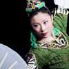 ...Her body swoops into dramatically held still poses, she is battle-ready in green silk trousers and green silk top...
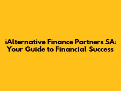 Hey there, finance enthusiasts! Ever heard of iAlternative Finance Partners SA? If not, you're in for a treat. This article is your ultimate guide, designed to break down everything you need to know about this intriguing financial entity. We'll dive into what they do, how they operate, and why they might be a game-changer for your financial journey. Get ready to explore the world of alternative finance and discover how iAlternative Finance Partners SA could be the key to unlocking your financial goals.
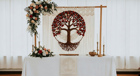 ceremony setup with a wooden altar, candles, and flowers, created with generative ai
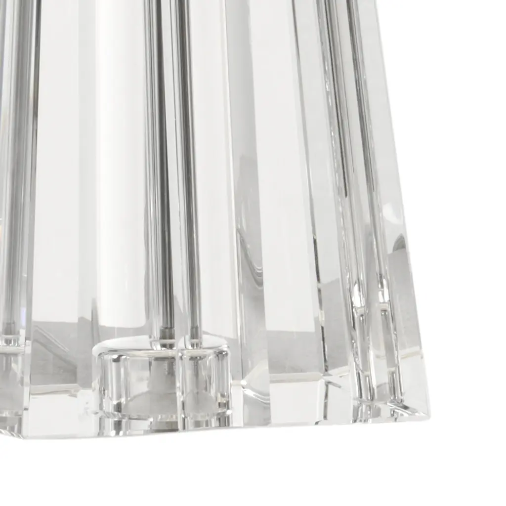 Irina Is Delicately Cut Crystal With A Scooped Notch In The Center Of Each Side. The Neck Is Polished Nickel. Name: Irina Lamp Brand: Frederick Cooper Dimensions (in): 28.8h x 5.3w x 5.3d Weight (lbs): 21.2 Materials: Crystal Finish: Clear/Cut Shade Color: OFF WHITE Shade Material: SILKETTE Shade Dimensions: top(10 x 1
# # # # #
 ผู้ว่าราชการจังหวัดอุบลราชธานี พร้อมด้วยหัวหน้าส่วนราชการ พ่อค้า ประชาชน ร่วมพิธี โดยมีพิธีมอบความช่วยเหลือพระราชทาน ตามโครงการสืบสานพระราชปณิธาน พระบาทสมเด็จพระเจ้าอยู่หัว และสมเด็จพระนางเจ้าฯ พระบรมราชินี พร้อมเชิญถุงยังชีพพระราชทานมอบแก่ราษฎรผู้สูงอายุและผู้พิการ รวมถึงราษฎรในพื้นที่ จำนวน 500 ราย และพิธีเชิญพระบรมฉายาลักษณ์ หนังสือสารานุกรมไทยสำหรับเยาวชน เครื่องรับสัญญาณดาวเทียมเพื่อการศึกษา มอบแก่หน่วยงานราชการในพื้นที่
# # # # #
## Exercise
Would you output the lines above from the line holding "ceremony setup with" up to and including the line holding "Irina Is Delicately", exactly and only those, with no pictures?

## Response to this exercise
 ceremony setup with a wooden altar, candles, and flowers, created with generative ai
 Irina Is Delicately Cut Crystal With A Scooped Notch In The Center Of Each Side. The Neck Is Polished Nickel. Name: Irina Lamp Brand: Frederick Cooper Dimensions (in): 28.8h x 5.3w x 5.3d Weight (lbs): 21.2 Materials: Crystal Finish: Clear/Cut Shade Color: OFF WHITE Shade Material: SILKETTE Shade Dimensions: top(10 x 1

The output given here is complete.